The word, trained into the potential buyers with painful obviousness, is "need." They clearly are told to say, not that they want to update the kitchen, but that they will "need" to. Like a white stove won't cook and a fridge that's not steel won't keep the milk from spoiling.

And we must love open floorplans. Living, kitchen, dining rooms all have to flow into each other like one big Dark Ages Great Hall.

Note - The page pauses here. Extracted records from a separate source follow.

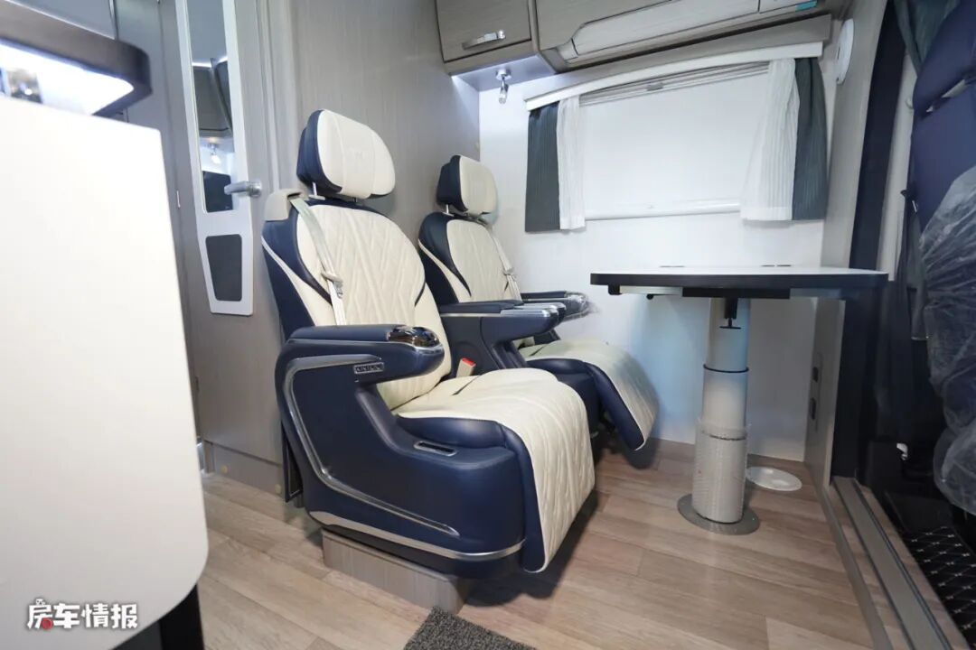 会客区采用了双人沙发+升降餐桌的设计,不过双人沙发全部使用的是航空座椅,不仅带有脚托、加热、通风和按摩功能,还能够通过扶手处的显示屏进行操作,将科技与舒适融合在了一起。另外顶部则隐藏了一台家用变频空调,可以按需调节车内的温度,从而达到一个舒适的居住环境。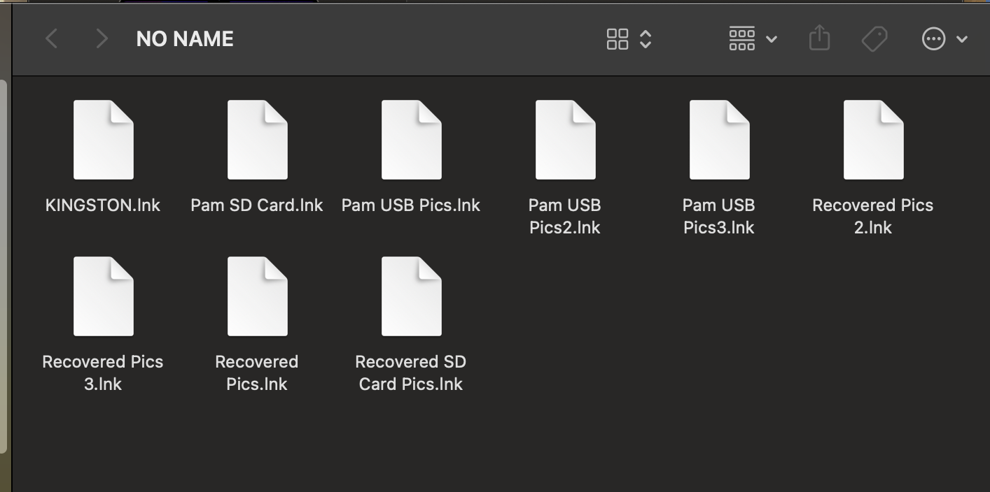 As a Windows user, the LNK files you have are just shortcuts, they are just pointer files to the actual files/folders... They are not JPEG files that you were trying to save... They will only work while you have the drive connected to the Windows computer...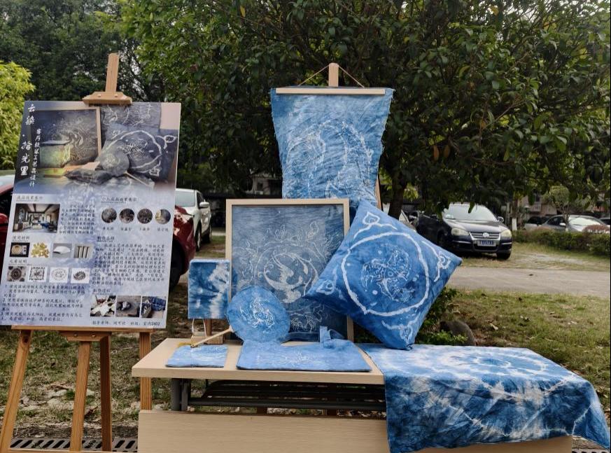 展区内,各类融合非遗元素的家居作品吸引了不少师生驻足观赏,其中扎染小组的作品尤为亮眼。据了解,小组成员创新采用“手绘+AI软件”结合的方式,对苗族传统鱼纹、蝴蝶纹、回纹等纹样进行解构重组,将古老纹样提炼为适配现代审美的极简线条;随后运用植物染工艺反复浸染织物,使成品在蓝白渐变的色调中自然晕染出非遗技艺特有的肌理质感。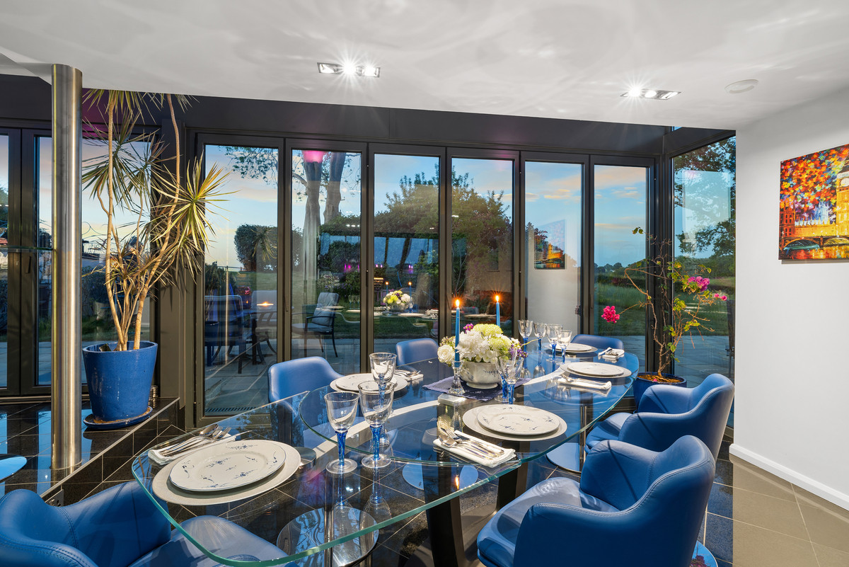 Set beneath a dramatic mini atrium, the dining area features six-section aluminium glass folding doors opening to the rear terrace with ambient lighting creating a perfect space for both intimate dinners and entertaining.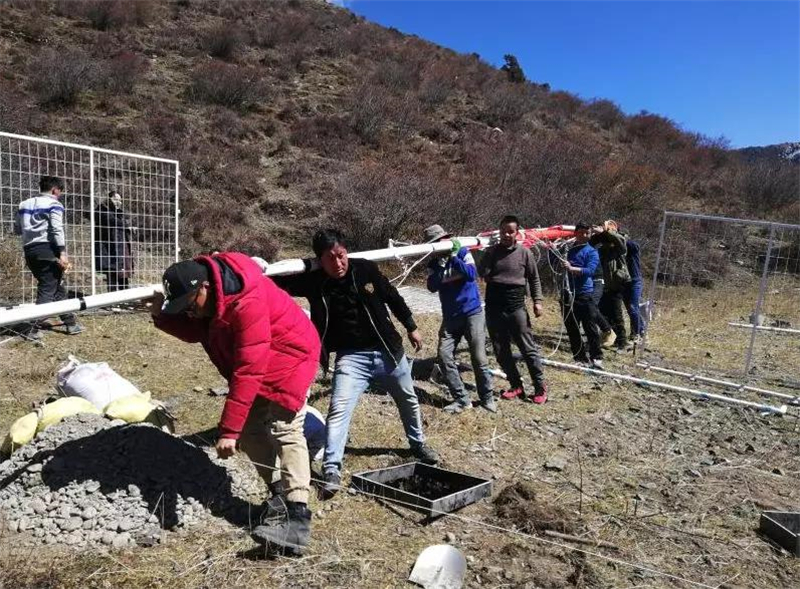 5月,西藏自治區(qū)氣象局全面推進(jìn)扶貧自動(dòng)氣象站建設(shè)。圖為建站過程中(中國氣象局供圖)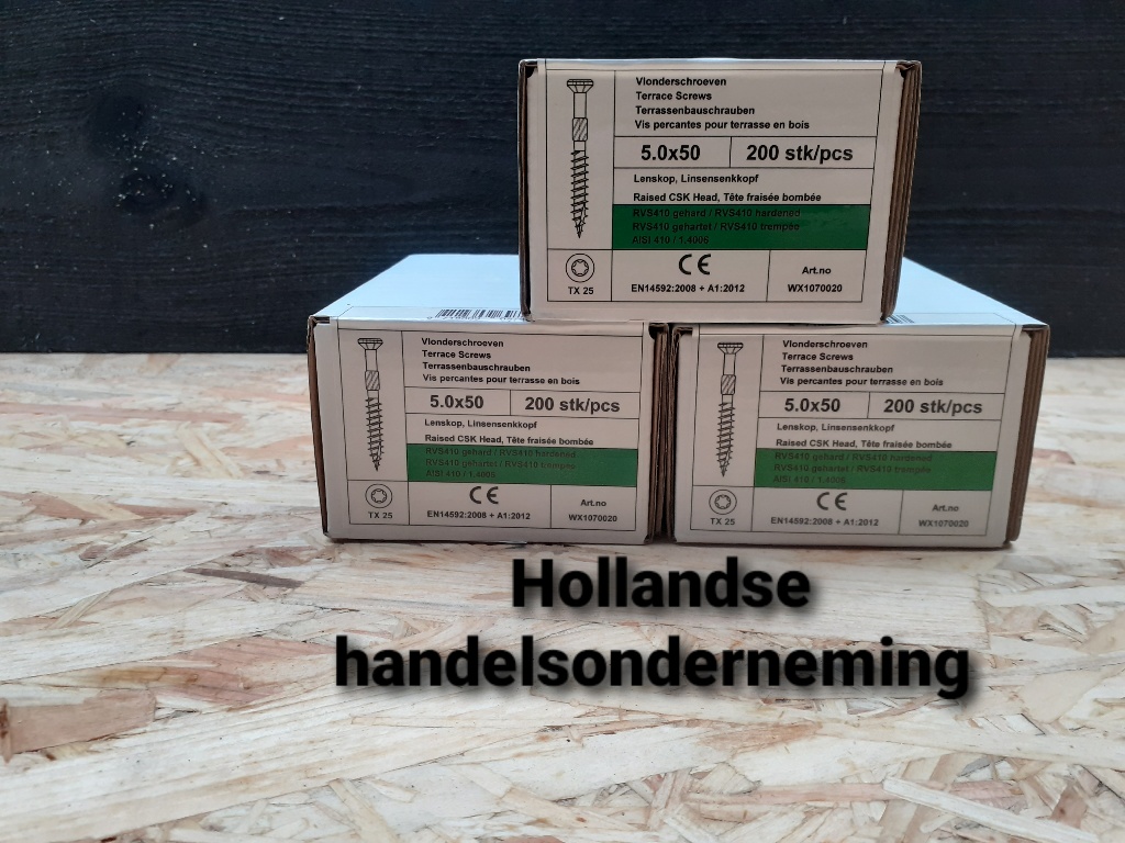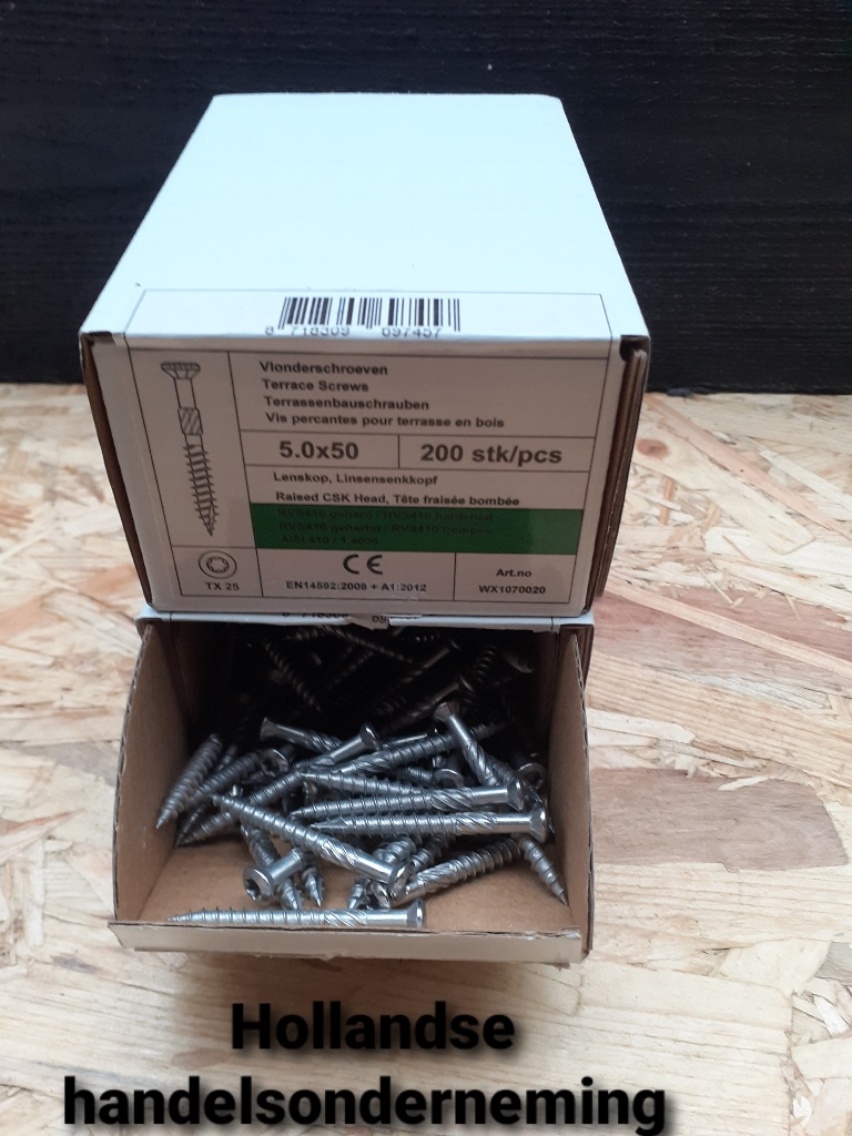De perfecte schroef voor uw vlonder door zijn kleine verzonken kop en de torx vorm verbeterd de grip van uw bit waardoor deze geen kans heeft om af te breken. Deze worden verkocht per doos van 200 stuks.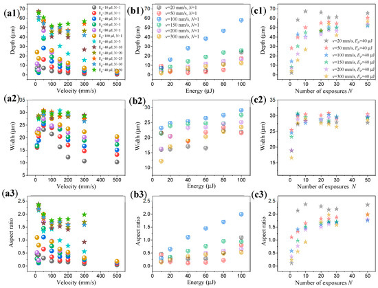 The interdependence of the three physical properties with the characterization (depth, width and aspect ratio) of the laser etching results: (a1~a3) share a legend with (a1); (b1~b3) share a legend with (b1); (c1~c3) share a legend with (c1).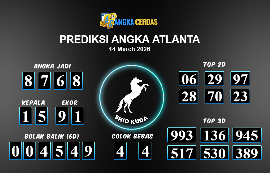Prediksi Togel ATLANTA untuk hari ini Sabtu, 14 Maret 2026, adalah salah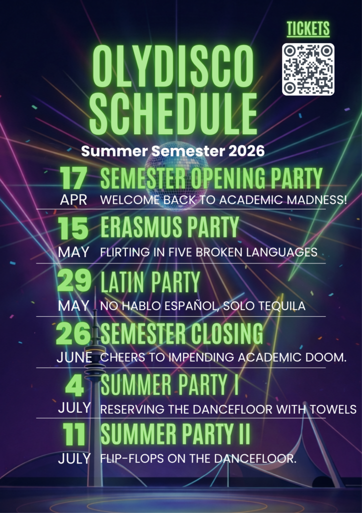 • Student-council parties : Every semester, OlyDisco hosts various student council parties. Most famous among them is the Sportler-Party. If your council is in need of a great party, don’t hesitate to contact us.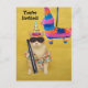 Bubba Kitty in einem hawaiianischen Shirt, Hut und Augenbinde, mit Fledermaus und Pinata. Individuell gestaltbare Geburtstagskarte.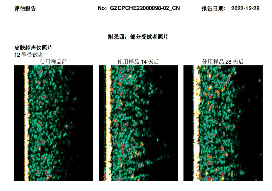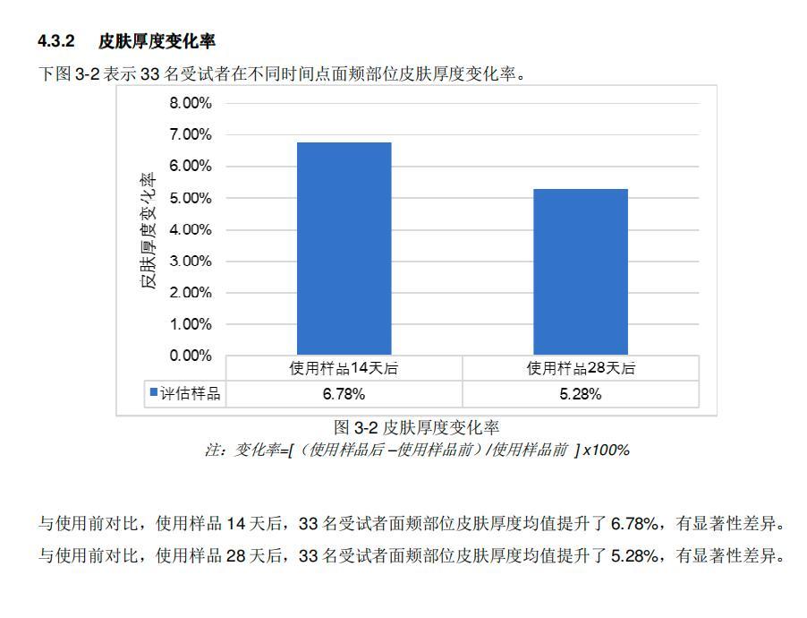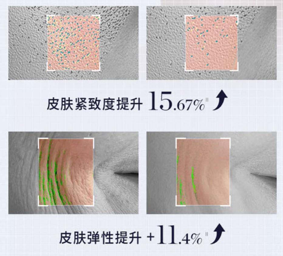 使用 28 天后,受試者皮膚厚度、密度雙提升:+ 5.28% 和 +12.57%,彷彿讓皮膚底層「薄墊」變成堅實「厚墊」,把鬆弛撐起來。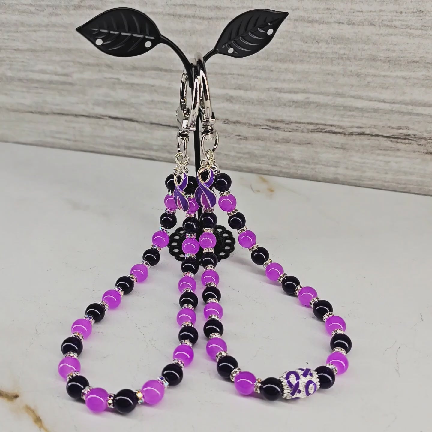 This meaningful beaded wristlet keychain is designed to honor those impacted by conditions represented by the purple awareness ribbon — including Lupus, Fibromyalgia, Epilepsy, Crohn’s Disease, Alzheimer’s Disease, and more.

Give me walls. No matter how much building material and effort you have to grudgingly expend to do it. Got that?


southernyankee said...

Ur wish is my command! :-)

Christy said...

My daughter loves HGTV and we've had several conversations along those lines. Great way to talk about want vs. need. To say our trip to Africa helped tremendously with that concept is a massive understatement.

Catherine said...

So true. I love to watch HGTV and I certainly got some good ideas when it came time to sell my condo several years ago. But the whole "that will need updating" stuff is ridiculous!

Ronnie said...

Amen amen amen ---

That updating scam is simply that - a perfectly good well-planned attractive kitchen needs to be updated simply to sell new appliances and flooring - and man-hours of work.

ronnie said...

Re: the illustration: one presumes that when she isn't actually cooking she charges admission to roller-skaters...

Nanato4 said...

Too funny!

Although when we looked at houses when we moved 2 years ago, I was adamant that I did NOT want an open floor plan. But after spending some time at my daughter's (who has an open floor plan), I've come to realize that an open floor plan is just what I wanted. ;-)

But I'm with you on the exchanging the word "want" for the word "need" has gotten crazy.

Nostalgic for the Pleistocene said...

SY - It will be wonderful! And we'll both be glad to finally have NO humongous water tanks in the #&^%ing closet! 8~)

Christy - that trip was one of the greatest gifts a parent could ever give her children. I am SO glad yall did it!

We do have a concept of "need" in this society that much of the world - and what's more, our ancestors, only a short while ago - would find pretty opulent.

Nana - welcome!

There was one episode in which a mother with little kids said she really needed an open floorplan to be able to work in the kitchen and still keep an eye on the kids, which made perfect sense.

A lot of hunters also say that they like to visit with dinner guests while they're cooking, and all i can say is - they must be a whole lot less ADD than i am! Keeping track of various dishes with various timings takes all my mental energy. More, actually. If someone is talking to me my responses tend to be "Um...yeah. Right." while i wish they'd save it for the table! 8~)

Amanda Christine Cox said...

Hi Sher
I like a mix of both.. open plan downstairs, cosy rooms upstairs. I only say this because I like lounge/diners and we have a dining room that never gets used because we all sit in the lounge and watch tv and eat off our laps...
My mum and the in-laws have small modern houses with a lounge diner, most of the time the TV is off but its kind of reassuring to see it!

I hate daytime TV. The worst for me are those cartoons with all the associated crap like Ben 10.. just getting kids to nag their parents to buy plasticky stuff made in China that will end up in landfill in a couple of years..

Sherwood Harrington said...

Hi, Amanda! Nice to see you over here at Ruth's place!

A note of explanation to others: Amanda, who lives in England, is a longtime contact/friend of mine over on the Flickr photosharing site. I'm sure she arrived at this post via a link in comments on this photo of mine.

I hope you come back to Ruth's blog here often, Amanda. I think you'll find a kindred spirit here.